Not sure if I can help you or not...but I just got an 1181, not 1171, and I don't know if the aluminum mounting plate is the same in both or not.

The plate itself is 3/8" thick (10 mm) and the recesses on both sides of the plate appear to be just over 1/16" each. I note that the back side of the plate is machined down about 1/32", so the plate is less than 3/8" thick where the router mounts.

From the top of the plate to the underside of the router support looks like just about exactly 1/4"...but I'm checking that with a tape measure. Not sure where my calipers vanished to.

So many holes in the plate it looks like Swiss cheese! :smile:


----------



## cocobolo1 (Dec 31, 2015)

*1181 Plate pics*

Maybe this will help...


----------



## RainMan 2.0 (May 6, 2014)

Wow Keith , that's a lot of holes 

Ben I kinda like the Incra aluminum plates with there clean sweep centers for dust collection.
If your concerned about loosing depth , maybe a Musle Chuck would help ?


----------



## PhilBa (Sep 25, 2014)

The other plates are 1/4" thick, I wouldn't fret over 1/8".


----------



## DesertRatTom (Jul 3, 2012)

I popped for the Woodpecker plate with the twist lock inserts. Wonderful, solid, pre drilled for the specific router. I recommend it highly. I also got the template since my previous plate was smaller. I have also been thinking of adding a couple of jointed flat trusses under the table itself to help it stay flat.


----------



## cocobolo1 (Dec 31, 2015)

DesertRatTom said:


> I have also been thinking of adding a couple of jointed flat trusses under the table itself to help it stay flat.

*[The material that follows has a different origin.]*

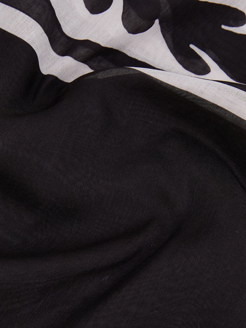 شال زنانه مربع شکل، با پارچه خود طرح دار، در لبه های خود جزئیات حاشیه ای با طرح برگ دارد.

I have honestly been wondering why anyone hasn't mentioned this before. It seems like such an obvious solution to prevent - or at the very least severely limit - sagging.


----------



## RainMan 2.0 (May 6, 2014)

cocobolo1 said:


> I have honestly been wondering why anyone hasn't mentioned this before. It seems like such an obvious solution to prevent - or at the very least severely limit - sagging.

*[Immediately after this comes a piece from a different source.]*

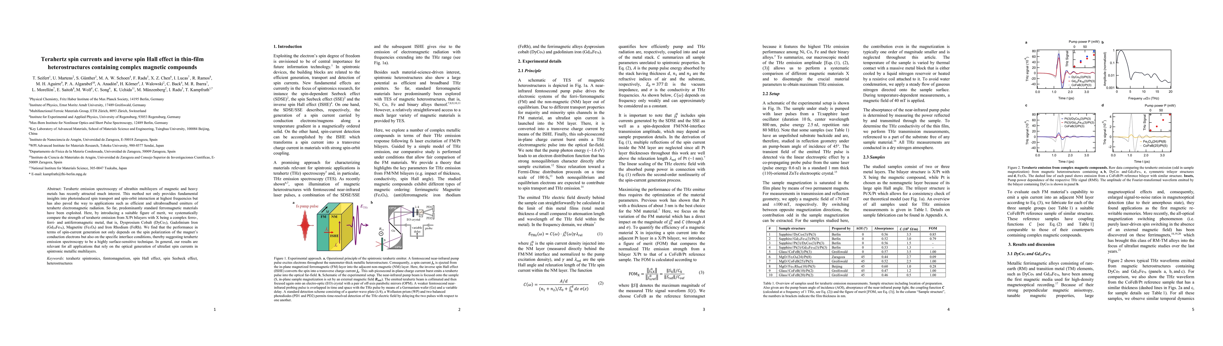 This study investigates terahertz emission from thin-film heterostructures using complex magnetic compounds, revealing that spin-current generation efficiency depends on both the magnet's spin polarization and interface conditions. The findings highlight the surface-sensitivity of terahertz emission spectroscopy and its relevance to spintronic applications.

I believe TimberTailor did just that


----------



## cocobolo1 (Dec 31, 2015)

TheCableGuy said:


> I believe TimberTailor did just that


OK. I didn't see that. If it was in the last few days we've been down at the coast wasting serious building time with some of the rellies for Easter.


----------



## sunnybob (Apr 3, 2015)

With one deformed resin plate already, and a free replacement resin plate waiting to be fitted, I havent bought aluminium solely on cost.

And I have to ask why that plate has so many holes in it? Surely the plate can be drilled for router its being fitted to?

But I have come up with a solution for me thats a bit of a hybrid.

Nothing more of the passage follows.